Pastry chefs and bakers in Vancouver are complaining about rising ingredient prices
Thomas Haas has never experienced such high food prices in his more than 40-year career.
“We calculated and [the price increase of our ingredients] between 28 percent, the lowest, and 71 percent, the highest, in one year,” said the founder of Thomas Haas Fine Chocolates in Vancouver.
He adds that over the past year they’ve seen price increases of over 30 percent for dairy ingredients, chocolate and fruit and a 71 percent increase in the price of eggs due to bird flu.
This week, he says, they’re estimating an average 20 percent increase in ingredient costs.
Haas is one of several bakers in Vancouver to report annual cost increases of 30 to 40 percent since the pandemic began — a big difference from previous years, Haas says.

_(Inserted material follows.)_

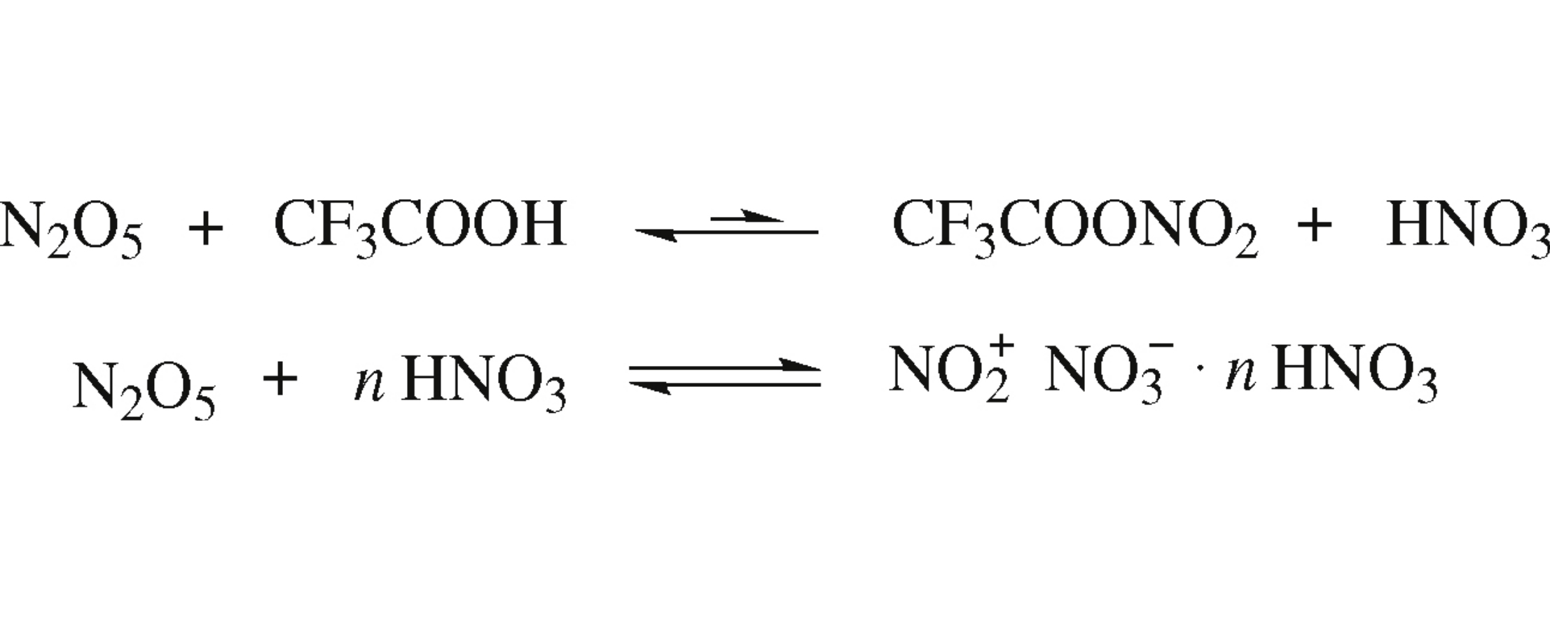 Dinitrogen pentoxide solution in trifluoroacetic acid simultaneously has features of both known types of its interaction with acids, viz. with weak and strong acids. It partially reacts with CF3COOH to give the covalent trifluoroacetyl nitrate and nitric acid, however the major part of N2O5 exists in the covalent form in solution to concurrently produce nitronium ions due to the presence of HNO3. Quantum chemical calculations confirm the equilibrium nature of CF3COOHN2O5 interaction.

Now they are speaking out hoping to draw attention to the issue and let customers know what’s behind the price hikes.
In the past few weeks, Haas has shared his frustration publicly on Instagram.
“[Cost and price increases] will just affect everyone and especially them [customers] we value it.”
Cut profits, cut costs
Sergio Salamonovitz, pastry chef and co-owner of Trafiq Cafe and Bakery in Vancouver’s Riley Park neighborhood, says the increases are “steeper than [he’s] ever seen”, although he has been in the industry since 1999.
“It’s not making it easy for us, or our margins are obviously as tight as they are,” he said, adding Trafiq took a different approach to the problem: cutting their profits rather than raising prices.
He says the majority of Trafiq’s customers are regulars from the neighborhood.
“Because of the economic challenges we’re all facing, we want to be a place where people don’t feel like they’re being pushed into buying something for more,” Salamonovitz said.
“We’re not here for a year, we’re hoping to be here for another 20 years,” he added.
“So not every year has to be the most profitable.”
Haas says he’s tried not to raise prices, but items like a standard croissant have recently jumped from $3.40 to $3.80 — still not enough to cover the jump in costs.
“It is a [11-per-cent price] are increasing, while our ingredients are up an average of 27 percent,” he said, adding that they have reorganized production processes to be more efficient and save costs.
“A New Way of Working”
Haas says he attributes the continued rise in costs to a lack of competition among vendors.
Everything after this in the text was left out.